__WORK INSTRUCTIONS__
Beginning with the line that contains "Mode 2025 populaire", return every line down to the last one in the material below, exactly and with no others.

__LISTED RECORDS__

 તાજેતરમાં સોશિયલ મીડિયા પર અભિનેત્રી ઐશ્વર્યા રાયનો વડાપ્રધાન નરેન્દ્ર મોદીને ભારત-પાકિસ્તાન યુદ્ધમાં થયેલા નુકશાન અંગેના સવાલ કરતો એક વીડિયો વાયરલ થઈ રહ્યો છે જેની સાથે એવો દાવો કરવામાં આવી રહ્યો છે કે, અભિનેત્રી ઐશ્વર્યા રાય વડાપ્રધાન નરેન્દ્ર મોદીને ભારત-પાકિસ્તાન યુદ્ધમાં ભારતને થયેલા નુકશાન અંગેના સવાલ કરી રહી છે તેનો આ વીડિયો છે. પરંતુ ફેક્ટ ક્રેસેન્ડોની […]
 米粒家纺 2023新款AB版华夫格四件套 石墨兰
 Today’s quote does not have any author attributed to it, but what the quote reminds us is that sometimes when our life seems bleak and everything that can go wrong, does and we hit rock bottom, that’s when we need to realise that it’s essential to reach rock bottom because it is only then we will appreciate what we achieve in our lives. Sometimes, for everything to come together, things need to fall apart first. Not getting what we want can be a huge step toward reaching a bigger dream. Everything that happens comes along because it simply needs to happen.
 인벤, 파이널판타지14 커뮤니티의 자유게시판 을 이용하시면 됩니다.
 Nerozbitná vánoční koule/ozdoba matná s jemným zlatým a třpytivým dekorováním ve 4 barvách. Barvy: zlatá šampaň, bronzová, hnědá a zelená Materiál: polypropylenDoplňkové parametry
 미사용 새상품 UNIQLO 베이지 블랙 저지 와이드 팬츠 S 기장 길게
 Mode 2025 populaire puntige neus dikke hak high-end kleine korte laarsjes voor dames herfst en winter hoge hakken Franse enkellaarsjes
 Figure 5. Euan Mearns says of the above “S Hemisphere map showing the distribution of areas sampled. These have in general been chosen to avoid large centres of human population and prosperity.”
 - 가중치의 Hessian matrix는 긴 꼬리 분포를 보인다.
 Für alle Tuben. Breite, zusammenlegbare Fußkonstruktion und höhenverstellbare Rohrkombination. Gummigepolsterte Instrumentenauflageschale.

__WRITTEN ANSWER__
 Mode 2025 populaire puntige neus dikke hak high-end kleine korte laarsjes voor dames herfst en winter hoge hakken Franse enkellaarsjes
 Figure 5. Euan Mearns says of the above “S Hemisphere map showing the distribution of areas sampled. These have in general been chosen to avoid large centres of human population and prosperity.”
 - 가중치의 Hessian matrix는 긴 꼬리 분포를 보인다.
 Für alle Tuben. Breite, zusammenlegbare Fußkonstruktion und höhenverstellbare Rohrkombination. Gummigepolsterte Instrumentenauflageschale.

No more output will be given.